John and Eva Luther are entering their seventh year of drought and like so many, the ruthless dry is taking its toll.

They had their last decent rain in 2011, and it’s been an uphill battle ever since.

Son Logan, now 20, was pulled out of boarding school at All Souls in Charters Towers after he finished year 10 in 2012 to help on out on the property. His sister Tameeka, 17, followed two years later and in between working on the farm, is finishing her schooling with School of the Air.

They do what they need to do to adapt and survive the tough conditions.

“With the bank pushing you've gotta move forward, just keep the cattle alive, get them mustered and branded, lightened off, otherwise there’s none of that stuff (money) so you just keep chiseling at it,” Mr Luther said.

“With water and lick, it’s full on. There’s not much improvement. That motor going now is pumping water, it’s been going for six years. The system we live under here we’ve got quite a lot of stock, even with the prices there’s still not much return in the hip pocket, then you get hit with this so you’ve got to keep them alive.”

“I’ve got it worked out with lick what suits this place for me now, but it look a long time.

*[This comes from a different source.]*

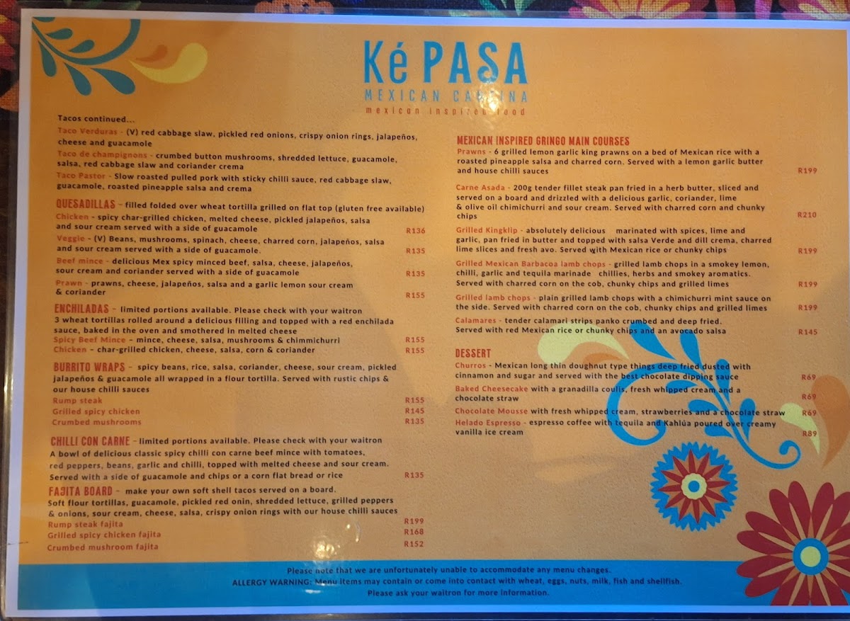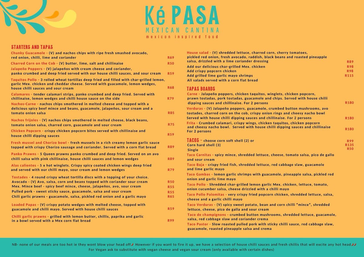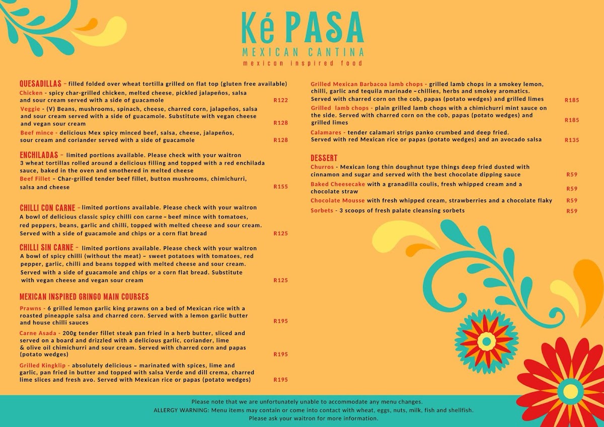 Ke Pasa Mexican Restaurant offers a menu that balances simple, comforting dishes with vibrant, authentic Mexican flavors. The selection features casual bites perfect for sharing, alongside hearty options that satisfy a wide range of tastes. Whether you’re stopping by for a relaxed lunch, a casual dinner, or an easy-going night out, the food and drinks complement the inviting, warm atmosphere of the venue.
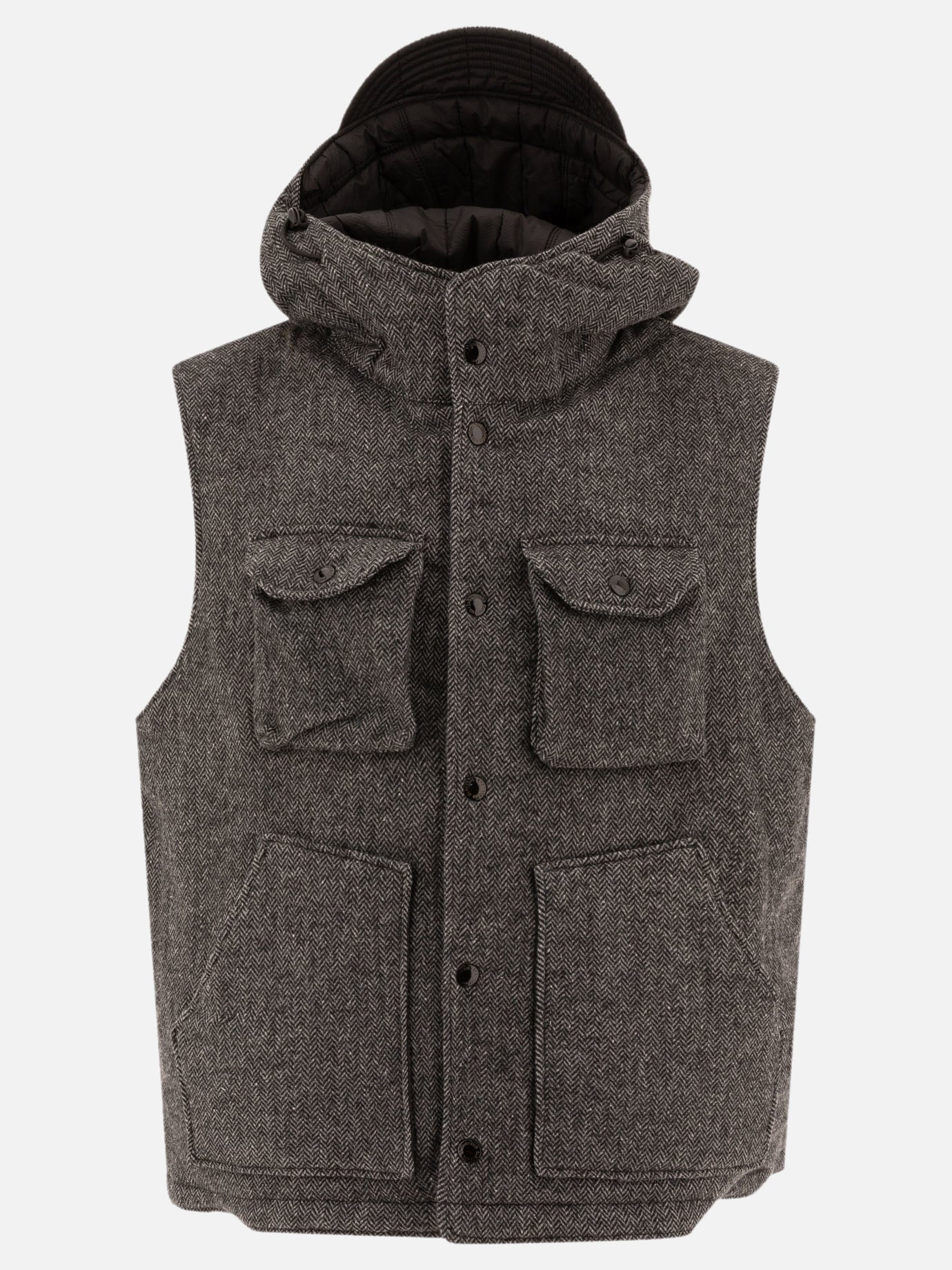 The sleeveless "Field" vest by Engineered Garments represents the essence of functional clothing with a touch of vintage style. Designed for the modern man, this garment is ideal for those who like to combine practicality and trendiness flawlessly. Made of durable cotton and featuring a drawstring hood, it offers protection from the elements while maintaining a clean, refined look.

That helps, getting the right mixture of lick.”

Mr Luther said he hadn’t destocked and guessed he had between 2,500 to 3000 head of cattle, including calves.

Of those, Mr Luther said about 1000 were breeders, which is half of what he’d run if the drought breaks.

“To pull them all through hasn’t been easy and the numbers have built up, so without mustering it’s hard, you cannot know. Last year, the year before, wherever there’s a shower we follow them with lick and kept the water pumping.

”Until I got the lick worked out the calving scene wasn’t really good.”

Mr Luther said he sold two decks of weaners in November and was hoping to sell whatever else he could round up in a fortnight.

“They keep shifting for water so whatever we get there on the day. We’ll keep all the heifers, but Mickey Bulls, big Steers, what ever comes in.”

Mr Luther said February was traditionally the wettest month, but they needed rain in November or December to get a start on the wet season.

The property received an inch and a half of rain in November, but they’ve seen little since.

He said the conditions were as bad as he’s seen them in the 33 years he’s owned Wishaw.

“We've had dry years, but then again people who lived here all there life got caught out too. 

“It just goes on and on and it's going to take a really good wet for the country to recover and grass up.

“When I came here in ‘84 it was real good, there was water everywhere, for five years after that it was bloody dry.

“Then in ‘91 here we had 32 inches in six weeks, that put grass everywhere, big grass cover, but no good because it grew that quick cattle was poor pushing its way through the feed.

”When you’re on the land you watch nature a bit, here in ‘84 whenever the black ants start running up the trees it rains, but they’re still on the ground with no movement.

”I’ve got a gut feeling this could be the daddy of them all this one, it's not looking good.

“We're all hanging out and hoping. I think the only way to work it is plan for a dry year and hope to Christ you get a wet one.”